About this exercise: Word for word, output every line of the material below, minus pictures.

Data below:
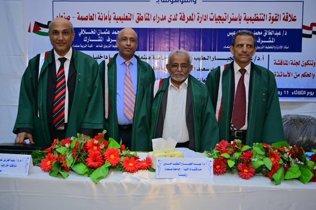 نال الباحث يوسف قايد ناجي سلطان درجة الماجستير بتقدير إمتياز ونسبة 95 % في قسم (الإدارة والتخطيط التربوي) تخصص (إدارة وتخطيط تربوي) كلية (التربية) بجامعة صنعاء عن رسالته الموسومة بــــــ “علاقة القوة التنظيمية باستراتيجيات إدارة المعرفة لدى مدراء المناطق التعليمية بأمانة العاصمة صنعاء” يوم الثلاثاء 11/09/1446هـ الموافق 11/03/2025م .
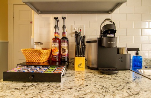Coffee ( regular & decaf), Tea, creamers, sugar, sweeteners and bottled water are always in stock for our guests.
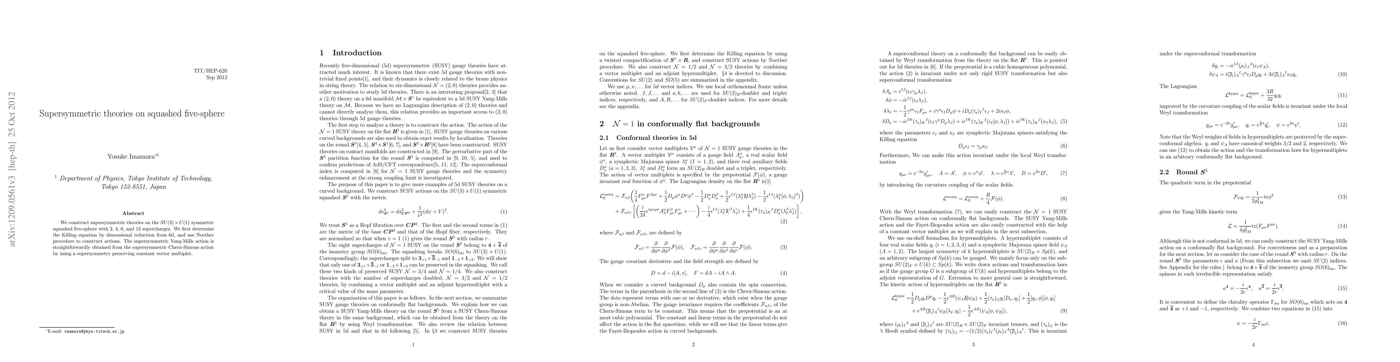 This paper constructs supersymmetric theories on a squashed five-sphere with SU(3)xU(1) symmetry, determining the Killing equation via dimensional reduction from 6d and employing the Noether procedure to build actions, particularly focusing on the supersymmetric Yang-Mills action derived from the supersymmetric Chern-Simons action.

Answer to this task:
 نال الباحث يوسف قايد ناجي سلطان درجة الماجستير بتقدير إمتياز ونسبة 95 % في قسم (الإدارة والتخطيط التربوي) تخصص (إدارة وتخطيط تربوي) كلية (التربية) بجامعة صنعاء عن رسالته الموسومة بــــــ “علاقة القوة التنظيمية باستراتيجيات إدارة المعرفة لدى مدراء المناطق التعليمية بأمانة العاصمة صنعاء” يوم الثلاثاء 11/09/1446هـ الموافق 11/03/2025م .
Coffee ( regular & decaf), Tea, creamers, sugar, sweeteners and bottled water are always in stock for our guests.
 This paper constructs supersymmetric theories on a squashed five-sphere with SU(3)xU(1) symmetry, determining the Killing equation via dimensional reduction from 6d and employing the Noether procedure to build actions, particularly focusing on the supersymmetric Yang-Mills action derived from the supersymmetric Chern-Simons action.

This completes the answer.